God reminded me this week that He made Evan exactly as he should be. God knew every little detail about Evan before I did, before the doctors did. He brought my heart back to the verses found in Psalm 139…verses I meditated on when on bedrest when pregnant with Evan. They brought me comfort back then when I had learned that he wasn’t growing as he should be and they bring me comfort now as we head into his fourth (and hopefully his last) surgery.

13 For you created my inmost being;
you knit me together in my mother’s womb.
14 I praise you because I am fearfully and wonderfully made;
your works are wonderful,
I know that full well.
15 My frame was not hidden from you
when I was made in the secret place,
when I was woven together in the depths of the earth.
16 Your eyes saw my unformed body;
all the days ordained for me were written in your book
before one of them came to be.
17 How precious to me are your thoughts,[a] God!
How vast is the sum of them!
18 Were I to count them,
they would outnumber the grains of sand—
when I awake, I am still with you.

I’ve also wondered if his growth issue has been a blessing in disguise related to this spine issue. Maybe he would have already had significant spinal cord or neurological damage (permanent) if he had been growing at a faster rate.

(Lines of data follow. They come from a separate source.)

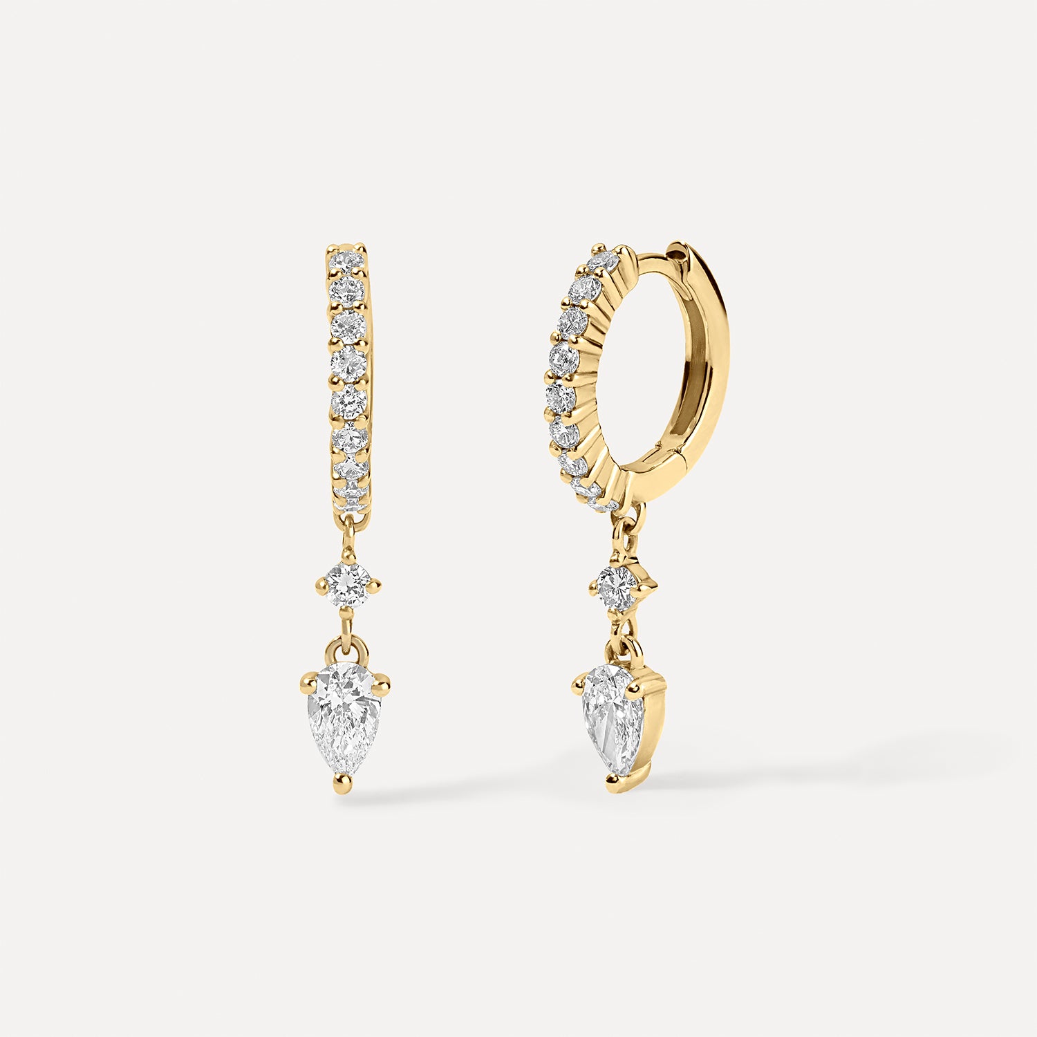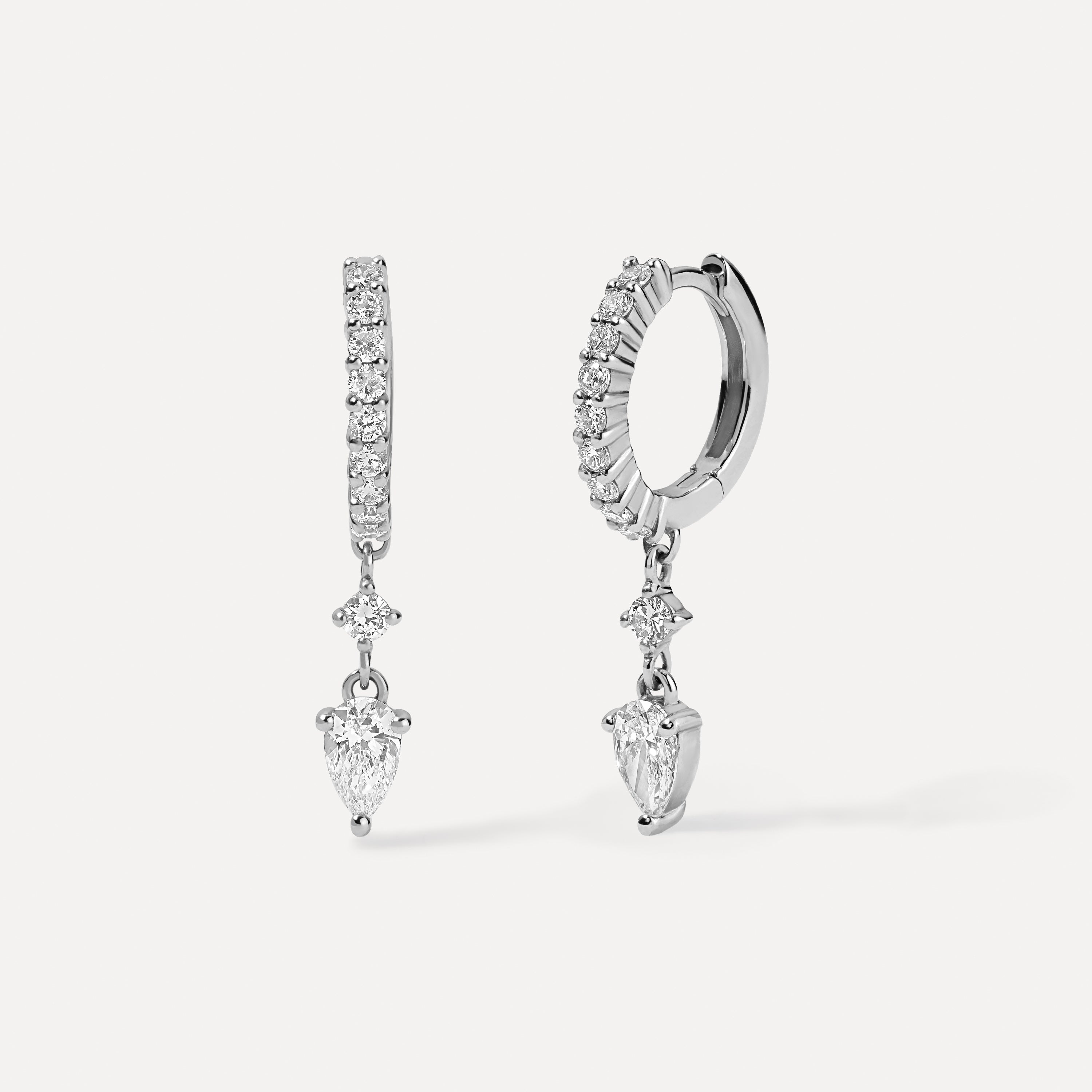 Elegance with a hint of drama. Our Pear Diamond Drop Huggies feature a row of brilliant pavé diamonds along a sleek 14k gold huggie, finished with a floating pear-cut diamond that moves with you. Lightweight, refined, and full of sparkle, they’re the perfect day-to-night statement.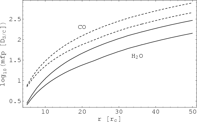 The present results have only been established for probe distances between 5 and 50 mean comet radii.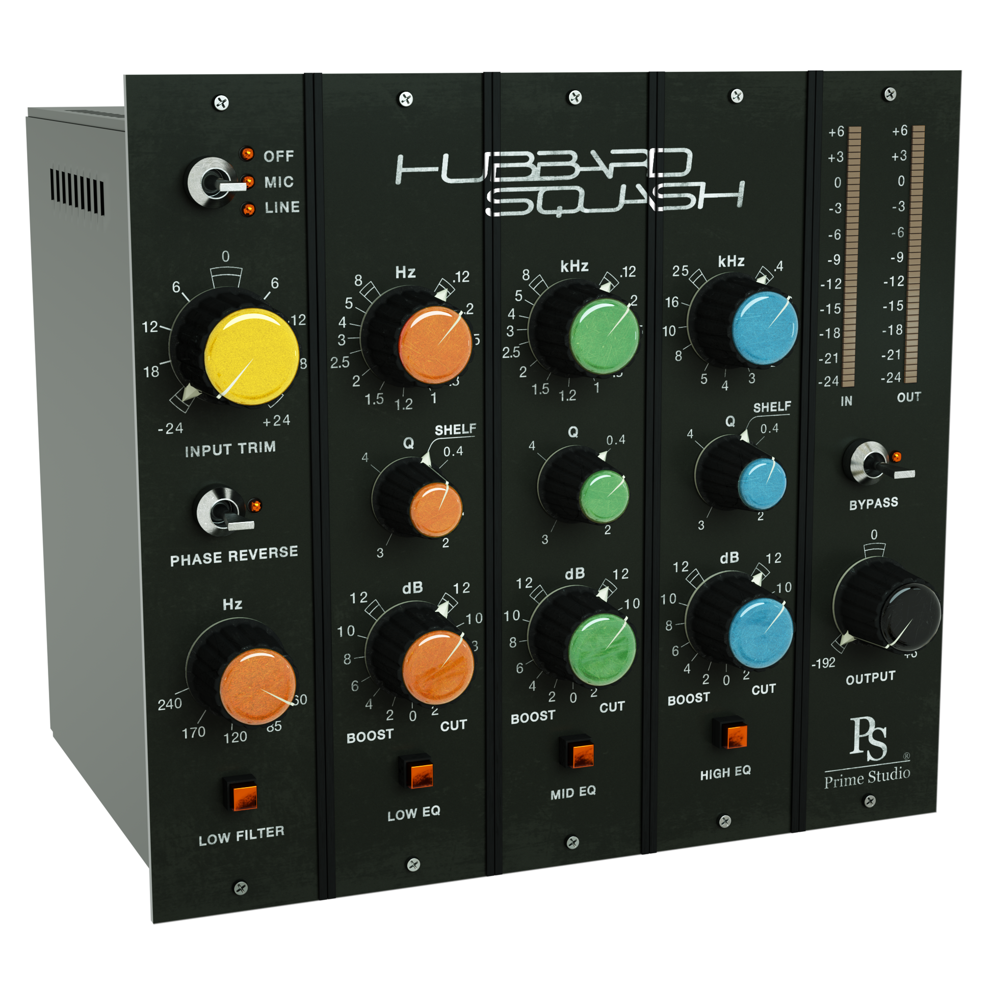 Prime Studio Hubbard Squash Plug-In. Smooth, smoother, Hubbard Squash. Classic three band fully parametric stereo equalizer offering lush tone for separately engage-able low, mid and high frequency bands and a low cut filter. Switch phase to taste and dial in harmonic distortion of two different preamp stages offering line or microphone preamplification tonality. For saving CPU usage you simply can also choose to switch off the preamp characteristics. Keep control of your levels using input and output metering in 80’s led style.
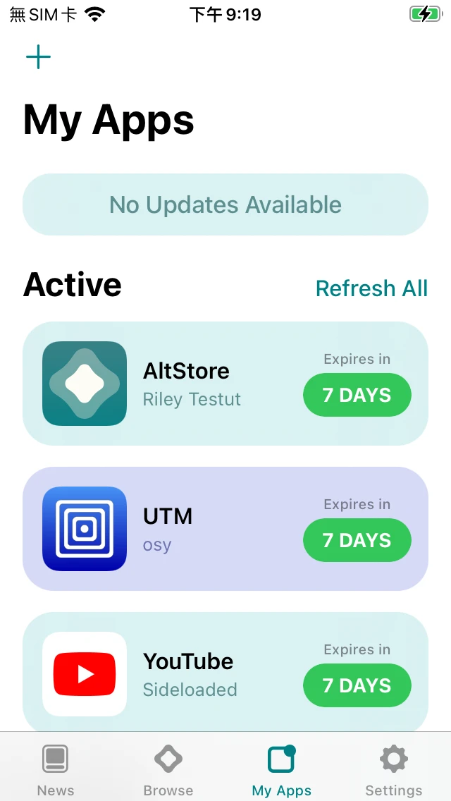 透過AltStore安裝的APP(包含AltStore本身)有7天簽名期限的限制,時間到就需要重簽。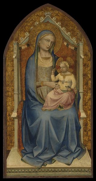 Editor: Niccolò da Foligno's "The Madonna Enthroned" presents a dignified Madonna surrounded by saints. I’m struck by the contrast between the serene faces and the rather rigid composition. How do you interpret the social significance of this piece? Curator: It’s crucial to consider the role of religious imagery in shaping social values. Niccolò’s Madonna presents a vision of divinely sanctioned authority, doesn't it? Who do you think commissioned it and what messages were they aiming to convey? Editor: Perhaps a wealthy patron wanting to display their piety and status? Curator: Precisely. This work acted as a visual reinforcement of the Church's teachings and a demonstration of the patron's allegiance. Notice how the arrangement positions Madonna as an intercessor between the divine and the earthly. Editor: That’s a fascinating perspective! I hadn't considered the artwork as a tool for social conditioning. Curator: Reflecting on the power dynamics embedded in the image can really change the way you perceive art. Editor: I’ll remember that. Thanks!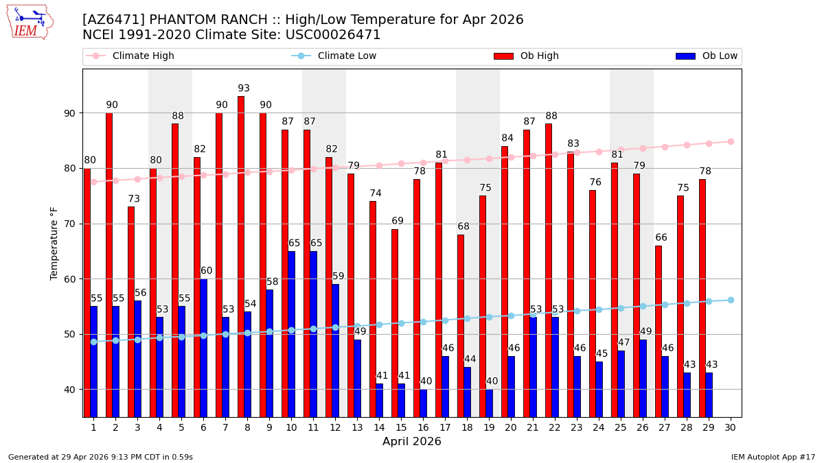 | 05 (@18) High: 88 Low: 55 Precip: 0.00 Snow: 0 Snow Depth: 0 | 06 (@18) High: 82 Low: 60 Precip: Trace Snow: 0 Snow Depth: 0 | 07 (@18) High: 90 Low: 53 Precip: 0.00 Snow: 0 Snow Depth: 0 | 08 (@18) High: 93 Low: 54 Precip: 0.00 Snow: 0 Snow Depth: 0 | 09 (@18) High: 90 Low: 58 Precip: 0.00 Snow: 0 Snow Depth: 0 | 10 (@18) High: 87 Low: 65 Precip: 0.00 Snow: 0 Snow Depth: 0 | 11 (@18) High: 87 Low: 65 Precip: 0.00 Snow: 0 Snow Depth: 0 |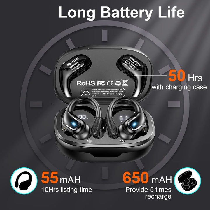 - Längerer Hörgenuss und Dual-LED-Leistungsanzeige: Die headphones bieten bis zu 15 Stunden hochwertige Klangausgabe mit einer einzigen Ladung, und die mitgelieferte Ladehülle bietet zusätzliche 5 Ladungen, wodurch die ohrhörer bluetooth eine
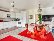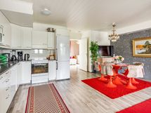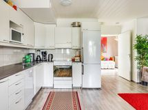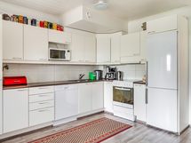 - Keittiön varusteet: Jääkaappipakastin, liesi, astianpesukone ja liesituuletin. Liesi: Keraaminen liesi. Työtason materiaali: Laminaatti. Tilava avokeittiö.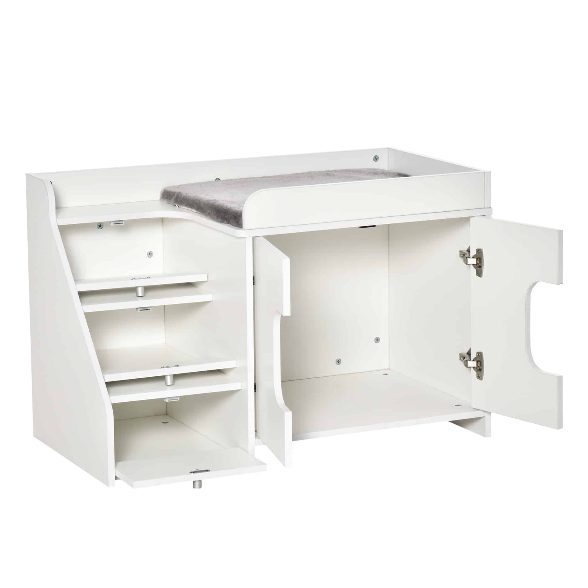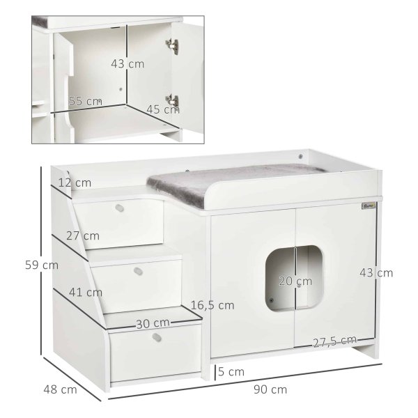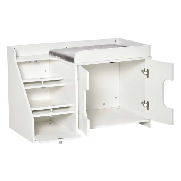 Dankzij het dubbele deurontwerp is dit kattenkastje eenvoudig en snel schoon te maken, waardoor u meer tijd kunt besteden aan het genieten van het gezelschap van uw kat in plaats van aan schoonmaken. Bovendien helpt de overdekte constructie van het kattenkastje om geuren te absorberen en te voorkomen dat ze zich verspreiden in uw huis.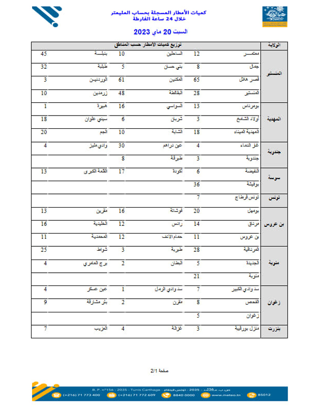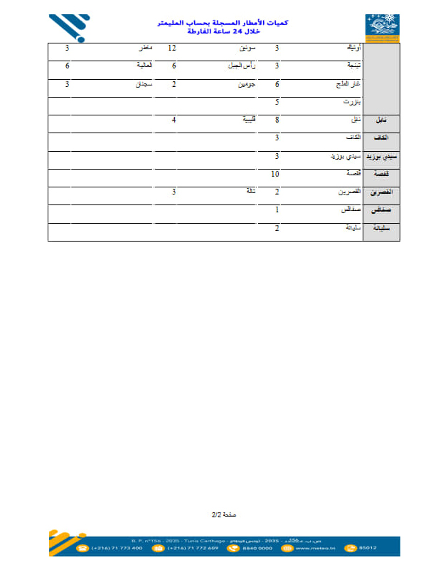 نشر المعهد الوطني للرصد الجوي كميات الأمطار المسجلة خلال الـ 24 ساعة الفارطة.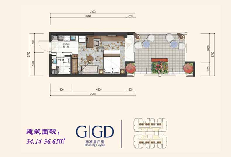 主力户型 :单间 (24m²) 一室一厅 (42m²) 两室一厅 (86m²)

Maybe him staying small has prevented further bad things from happening. One can only wonder…we’re praying that so much good would come out of this surgery.

This won’t be an easy week. But I choose to delight in the wonderfully made little boy that God has blessed us with, body “quirks” and all, rather than focus on the surgery that raises my anxiety. I love his laugh, his inquisitive mind, his sparkling eyes, his beautiful hands, his amazing smile, his caring heart, and his exploding vocabulary! And I love all the days that God has already ordained for him and can’t wait to spend many more with him. And hopefully, God willing, those days will eventually be filled with adventures and joy far away from hospitals, doctor’s offices, and therapy appointments.

Happy Girl!

Haven’t posted any Makenna pictures lately so I thought I’d post one. She’s such a cutie and has the cutest personality on top of it! She’s now rolling around like a pro and can sit up with little support.

My mom has enjoyed buying headbands and little hats with flowers for Makenna. This flower was about the size of Makenna’s head. I need to do a better job of putting them on her when we’re going somewhere!